Data for the task:

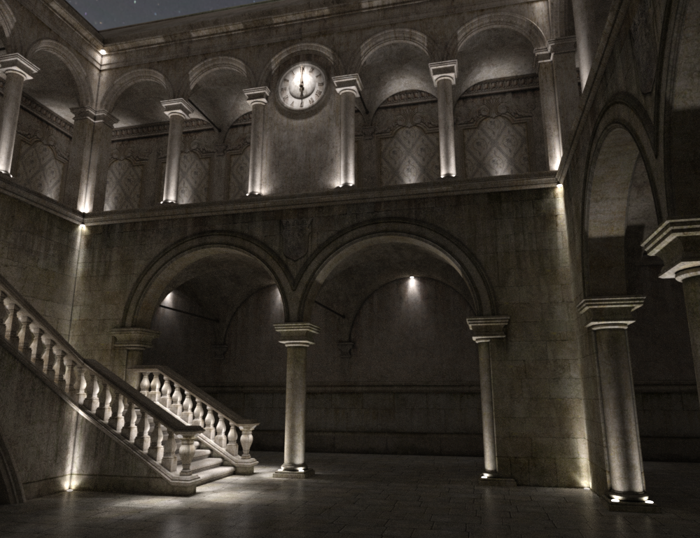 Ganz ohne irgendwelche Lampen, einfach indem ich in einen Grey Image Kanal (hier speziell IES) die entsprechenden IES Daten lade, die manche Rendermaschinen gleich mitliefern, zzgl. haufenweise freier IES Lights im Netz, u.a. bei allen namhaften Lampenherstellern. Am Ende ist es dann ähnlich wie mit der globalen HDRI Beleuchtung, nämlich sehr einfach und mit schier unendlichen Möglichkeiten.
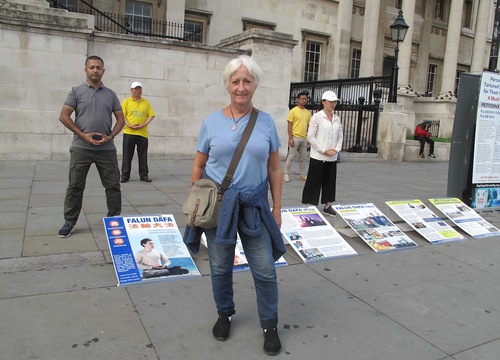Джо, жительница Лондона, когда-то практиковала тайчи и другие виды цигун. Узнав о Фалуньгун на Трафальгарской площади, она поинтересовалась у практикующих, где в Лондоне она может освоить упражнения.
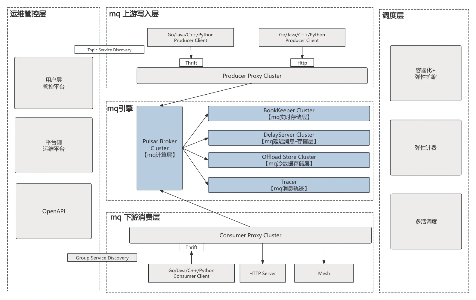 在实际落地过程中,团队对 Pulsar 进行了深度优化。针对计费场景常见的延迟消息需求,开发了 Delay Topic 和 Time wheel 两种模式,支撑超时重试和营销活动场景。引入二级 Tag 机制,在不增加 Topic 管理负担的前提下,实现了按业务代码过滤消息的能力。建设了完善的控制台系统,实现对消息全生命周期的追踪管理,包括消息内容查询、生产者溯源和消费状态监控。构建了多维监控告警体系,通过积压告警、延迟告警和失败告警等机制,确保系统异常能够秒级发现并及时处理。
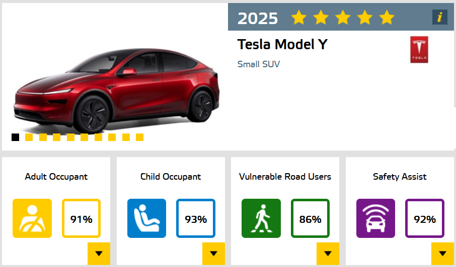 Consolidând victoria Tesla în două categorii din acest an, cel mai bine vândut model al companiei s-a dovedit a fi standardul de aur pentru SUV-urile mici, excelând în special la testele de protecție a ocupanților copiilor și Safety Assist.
--
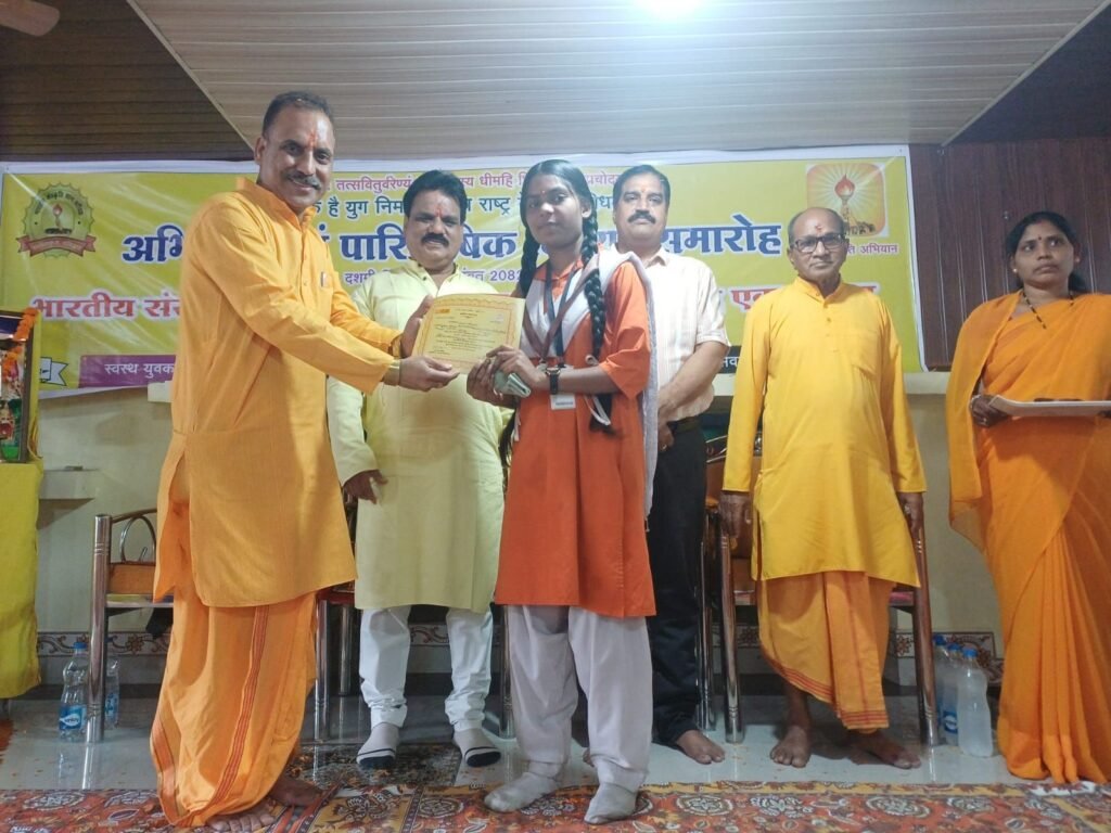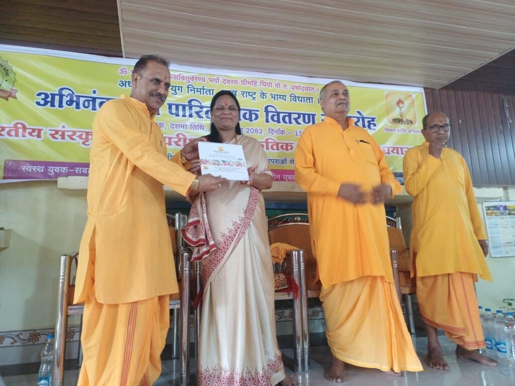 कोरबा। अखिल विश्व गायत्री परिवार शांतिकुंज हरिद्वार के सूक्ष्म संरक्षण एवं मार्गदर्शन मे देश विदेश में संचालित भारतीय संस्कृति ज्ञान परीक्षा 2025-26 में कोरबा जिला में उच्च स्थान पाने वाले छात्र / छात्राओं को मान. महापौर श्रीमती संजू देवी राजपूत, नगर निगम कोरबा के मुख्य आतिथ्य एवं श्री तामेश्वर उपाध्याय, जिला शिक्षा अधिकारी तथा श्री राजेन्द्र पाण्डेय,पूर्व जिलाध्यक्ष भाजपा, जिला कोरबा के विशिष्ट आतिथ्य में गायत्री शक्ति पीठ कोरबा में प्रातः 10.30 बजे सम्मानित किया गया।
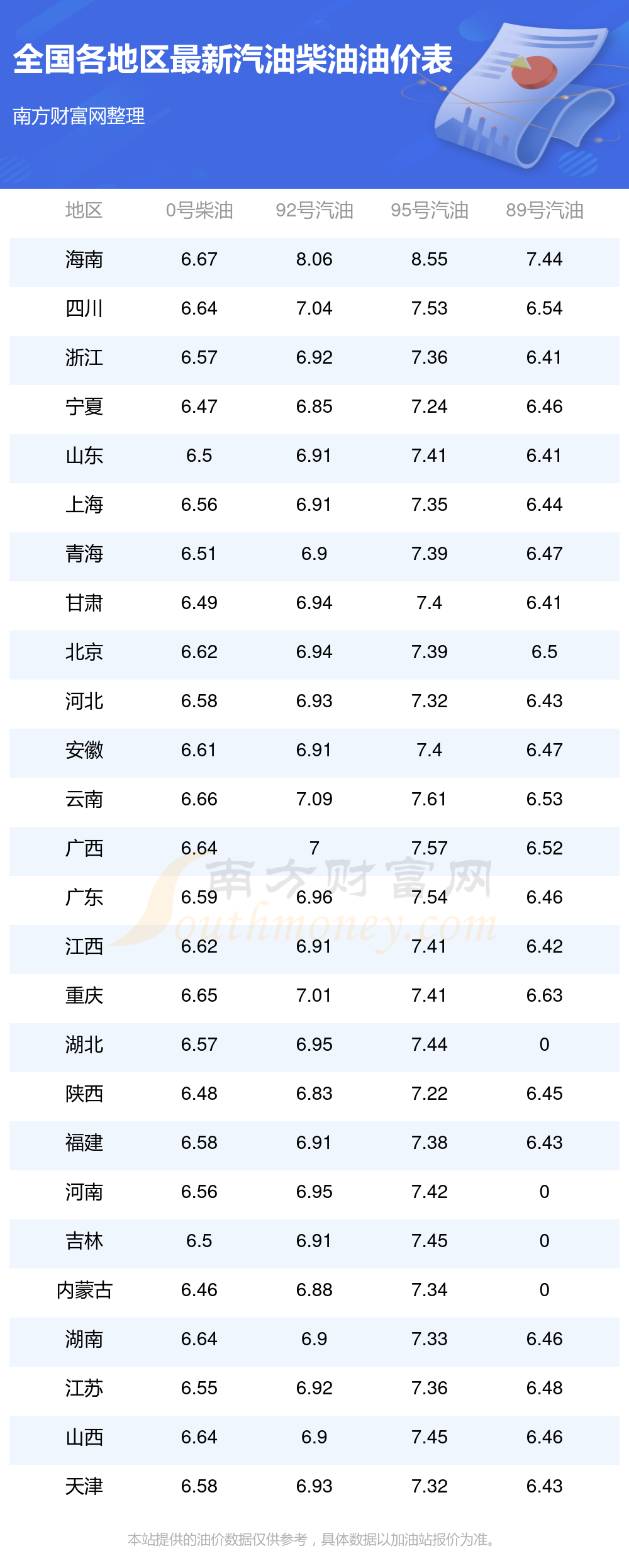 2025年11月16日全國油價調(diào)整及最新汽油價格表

Your objective: Go back to the listing above and write out the lines starting at the one with "कोरबा। अखिल विश्व" and ending at the one with "2025年11月16日全國油價調(diào)整及最新汽油價格表", inclusive, exactly and without pictures.

Your response:
 कोरबा। अखिल विश्व गायत्री परिवार शांतिकुंज हरिद्वार के सूक्ष्म संरक्षण एवं मार्गदर्शन मे देश विदेश में संचालित भारतीय संस्कृति ज्ञान परीक्षा 2025-26 में कोरबा जिला में उच्च स्थान पाने वाले छात्र / छात्राओं को मान. महापौर श्रीमती संजू देवी राजपूत, नगर निगम कोरबा के मुख्य आतिथ्य एवं श्री तामेश्वर उपाध्याय, जिला शिक्षा अधिकारी तथा श्री राजेन्द्र पाण्डेय,पूर्व जिलाध्यक्ष भाजपा, जिला कोरबा के विशिष्ट आतिथ्य में गायत्री शक्ति पीठ कोरबा में प्रातः 10.30 बजे सम्मानित किया गया।
 2025年11月16日全國油價調(diào)整及最新汽油價格表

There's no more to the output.